Nation's most dangerous cities: Minneapolis beats Houston by a long shot
A crime study released yesterday by Morgan Quitno Press reveals that Minneapolis is the nation's 34th most-dangerous city, landing just below Philadelphia on the publisher's danger list. Houston, with a population of more than 2 million, is the 54th most-dangerous city; Newton, Mass., which falls last on the list of 369 cities surveyed, is considered to be the safest U.S. city.
The study looked at cities' crime rates in 2004 per 100,000 residents and measured the findings against national averages. In Minneapolis, 4,709 violent crimes were reported in a population of 376,255 last year: Among them were 45 murders/manslaughters, 384 forcible rapes, 2,246 robberies, and 2,026 aggravated assaults, according to the FBI. Philadelphia, with a little over 1.4 million residents, reported 20,902 violent crimes in 2004.

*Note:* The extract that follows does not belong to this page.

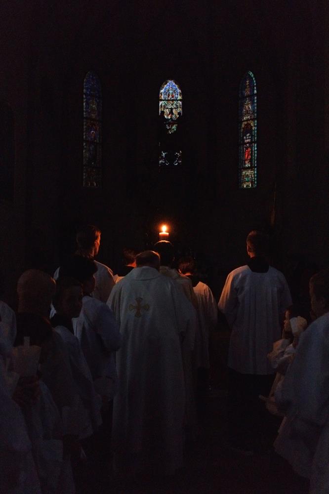 Paškál je přinášen do ztemnělého kostela "Světlo Kristovo!"
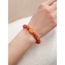 KAKA米兰秀客订新中式国风高品南红玛瑙满肉满色蜜蜡枣珠纳福手串

However, when researchers combined Minneapolis and St. Paul (which is 97th most dangerous) with the metro region, the Twin Cities fall to 195 most-dangerous, just above a town you've never heard of, Warner Robins, Georgia. And there's more good news in all of this: At least we're not Camden, New Jersey. The Number One most-violent city, whose population is 80,600, saw 1,824 violent crimes in 2004. Incidentally, Wisconsin metro areas of Fond du Lac, Appleton, Sheboygan, LaCrosse, and Oshkosh are among the top-ten safest places in the country.